§ Your assignment
Two lines in the listing below mark the span: one contains "Home-Built Double Auger" and one contains "Air Vapormax Flyknit". Reproduce both of them and everything between, exactly.

§ Given records
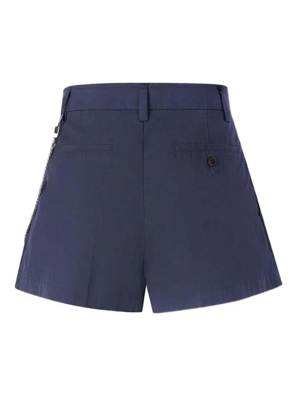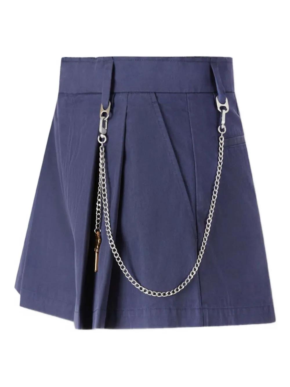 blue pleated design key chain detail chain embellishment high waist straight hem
* * *
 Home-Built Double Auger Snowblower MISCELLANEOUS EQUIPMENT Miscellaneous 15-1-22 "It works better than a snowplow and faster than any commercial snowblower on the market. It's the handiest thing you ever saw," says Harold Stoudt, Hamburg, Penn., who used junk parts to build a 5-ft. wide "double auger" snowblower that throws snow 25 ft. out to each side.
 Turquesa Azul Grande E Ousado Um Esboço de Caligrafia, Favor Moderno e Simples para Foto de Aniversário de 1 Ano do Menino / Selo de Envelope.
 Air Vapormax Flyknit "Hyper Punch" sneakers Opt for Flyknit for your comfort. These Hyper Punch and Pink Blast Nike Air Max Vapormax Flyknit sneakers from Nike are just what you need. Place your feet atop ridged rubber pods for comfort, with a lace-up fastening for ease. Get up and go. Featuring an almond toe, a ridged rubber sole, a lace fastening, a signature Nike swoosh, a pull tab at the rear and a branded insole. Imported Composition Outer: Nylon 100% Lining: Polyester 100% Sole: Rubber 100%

§ Result for this exercise
 Home-Built Double Auger Snowblower MISCELLANEOUS EQUIPMENT Miscellaneous 15-1-22 "It works better than a snowplow and faster than any commercial snowblower on the market. It's the handiest thing you ever saw," says Harold Stoudt, Hamburg, Penn., who used junk parts to build a 5-ft. wide "double auger" snowblower that throws snow 25 ft. out to each side.
 Turquesa Azul Grande E Ousado Um Esboço de Caligrafia, Favor Moderno e Simples para Foto de Aniversário de 1 Ano do Menino / Selo de Envelope.
 Air Vapormax Flyknit "Hyper Punch" sneakers Opt for Flyknit for your comfort. These Hyper Punch and Pink Blast Nike Air Max Vapormax Flyknit sneakers from Nike are just what you need. Place your feet atop ridged rubber pods for comfort, with a lace-up fastening for ease. Get up and go. Featuring an almond toe, a ridged rubber sole, a lace fastening, a signature Nike swoosh, a pull tab at the rear and a branded insole. Imported Composition Outer: Nylon 100% Lining: Polyester 100% Sole: Rubber 100%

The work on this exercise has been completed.